Measurement and modelling the effect of temperature, relative humidity and storage duration on the transpiration rate of three banana cultivars

• Banana cv. Singapuri had significantly low (P < 0.05) average value of TR (21.69 g/kg-day), while the average TR of G9 (34.96 g/kg-day) and Chapa (29.53 g/kg-day) cultivars were similar (P > 0.05); these two varieties (G9 and Chapa) were least affected by variation in temperature and relative humidities.
• The energy balance model (R2 = 0.61–0.81) fitted the TR data better then the regression model at all RH and temperature studied.
• The required water vapour transmission rate for designing equilibrium humidity packaging of three variety of banana ranged from 172–618 g/m2day at 10–20 °C.
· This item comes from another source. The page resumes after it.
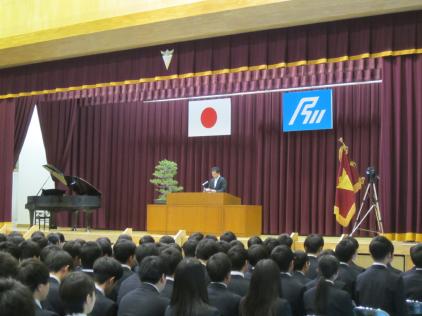 初めに校長先生より、「皆さんはとても勤勉で、ものごとを粘り強くやり抜くことができる生徒です。しかし、『勤勉であること』と『自分が勤勉であることをきちんと周囲に伝えられること』は違います。皆さんは、初対面の面接官に対して、自分の勤勉さ、粘り強さをどうアピールしますか?」など、面接で大切なことを問うかたちで激励の言葉がありました。

Transpiration rate (TR) of three cultivars of banana (triplicates of each experimental run, 2 nos. present in each run) was measured at different temperatures (10, 20 and 30 °C) and relative humidity (RH) (70, 80 and 90%) and storage time (2, 3 and 6 days). Models based on unsteady state energy balance equation and regression equation was fitted to the TR data. Best fitting model was validated at 15 °C and 70, 80 and 90% RH and on 2nd, 3rd and 6th day of storage. Using the TR data design parameters for equilibrium humidity packaging for three banana varieties had been estimated. While the TR of banana increased with rise in temperature, it decreased with rise in storage RH and with progress of storage duration. Banana Cv. Singapuri had significantly low (P < 0.05) average TR (21.69 g/kg-day), while the average TR of G9 (34.96 g/kg-day) and Chapa (29.53 g/kg-day) cultivars were similar (P > 0.05), and these two varieties (G9 and Chapa) were least affected by variation in temperature and relative humidities. The energy balance model (R2 = 0.61–0.81) fitted the TR data better than the regression model at all RH and temperature studied. Temperature of the banana surface was determined from the model and was found to be greater than the wet bulb temperature of banana. Heat transfer from banana surface by convection was found to provide approximately 70% of the heat required for transpiration. At 15 °C, the predicted TR was plotted against the experimental data corresponding to storage RH, and duration. For these two predictions the mean relative percentage deviation modulus was 10.27% and 18.35%, respectively. The required water vapour transmission rate for designing equilibrium humidity packaging of three variety of banana ranged from 172 to 618 g/m2day at 10–20 °C.